My last two posts use “revolution” to describe what the Republicans are attempting in Washington and the states: overturning the “good government” domination of our economy that has prevailed since New Deal times—for eight long decades. Any effort in 2011 to call Democrat-led Big Government status quo a “revolution” strikes me as odd.

Schneider’s column, however, does just that. I suspect certain words are important to Schneider and his friends. Two nights ago on the “Daily Show,” Jon Stewart mocked Wisconsin union demonstrators’ efforts to compare themselves to Egyptian revolutionaries. Folks trying to hold onto privileges threatened by a recent state election just aren’t Cairo protesters risking their lives to topple a dictator, Stewart said.

But Schneider apparently wants to hold the word “revolution” for the left. He wants the word, even though it’s only been a decade since liberals, squeamish about having Democrats identified as the party of “red states,” gave away the color of revolution to Republicans and grabbed blue for themselves.

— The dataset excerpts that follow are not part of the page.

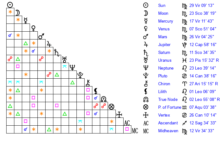 | Mercury | 17 Virgo 12 | 7 Libra 30 | 17 Sagittarius 0 |
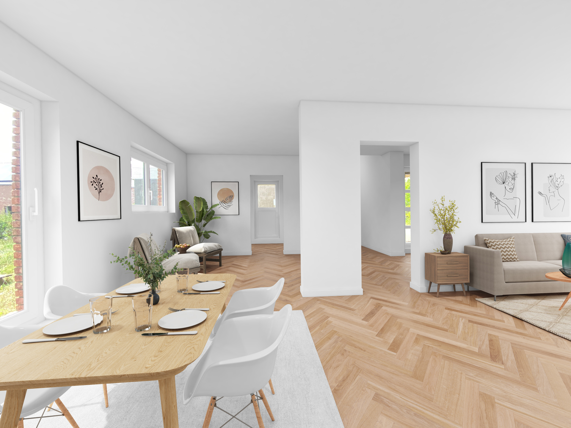 Au rez-de-chaussée : un hall d'entrée, un WC séparé, une magnifique pièce de vie avec cuisine ouverte et une buanderie.
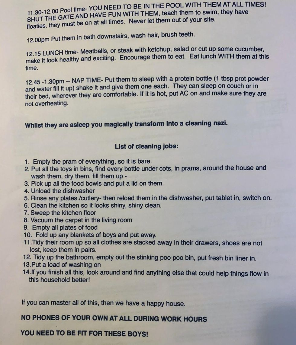 In 2013, I interviewed with an (unbeknownst to me at the time) Scientologist family to be their nanny. They gave this absolutely BONKERS list of responsibilities and now I give it to all of you.pic.twitter.com/le0rhiBrcg— Hollis Jane Andrews (@Hollis Jane Andrews) 1620353721
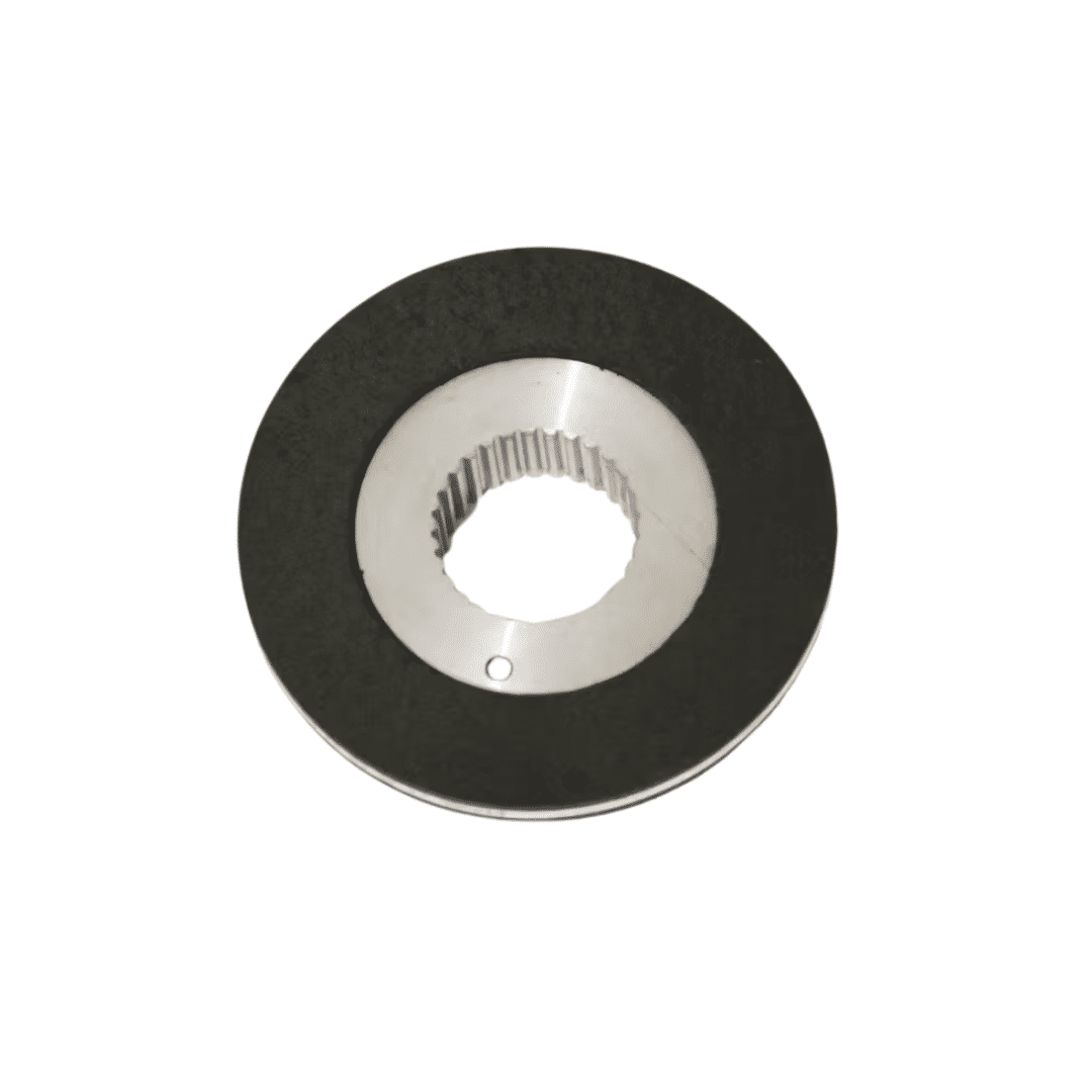 Núcleo Estriado: Possui um centro com dentes (estrias) para encaixe no eixo do motor, permitindo que o disco deslize axialmente para engatar e desengatar.
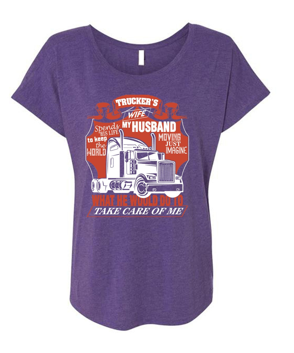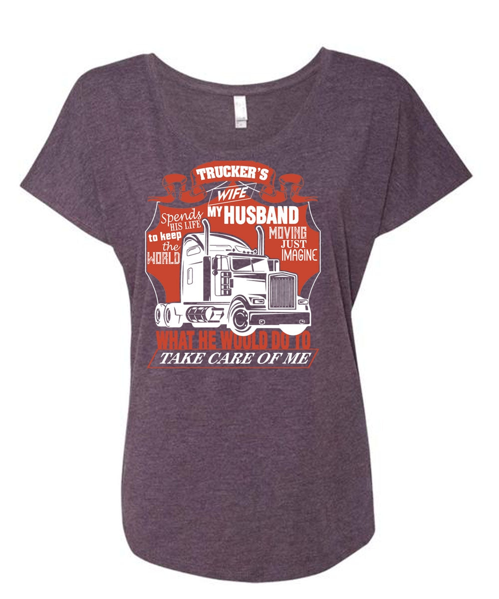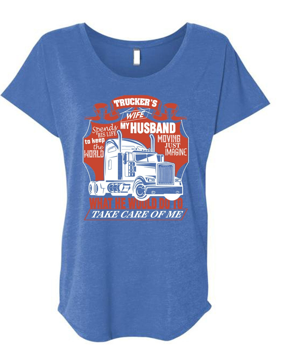 Trucker's Wife Spends My Husband T Shirt, Being A Trucker T Shirt, Cool Shirt (Ladies' Triblend Dolman Sleeve)

No, calling Democrats “counterrevolutionary” just won’t do; not at all, not with Madison protesters coming across as quite privileged in a high unemployment economy. So Schneider attempts to argue that Obamacare, the accompanying huge increase in government spending and debt, and the expanded federal regulation of business and Wall Street we’ve seen in the last two years isn’t what we thought it was—the culmination of Democrats’ 80-year effort to complete the New Deal. No, instead, it’s a new revolution, and the Republican effort to overturn 80 years of growing government domination of our economy is really a counterrevolution to get us back to 2008.

Maybe words become important when you no longer control the underlying actions. In any case, it’s actions that will determine whether the current Republican (counter)revolution succeeds or fails.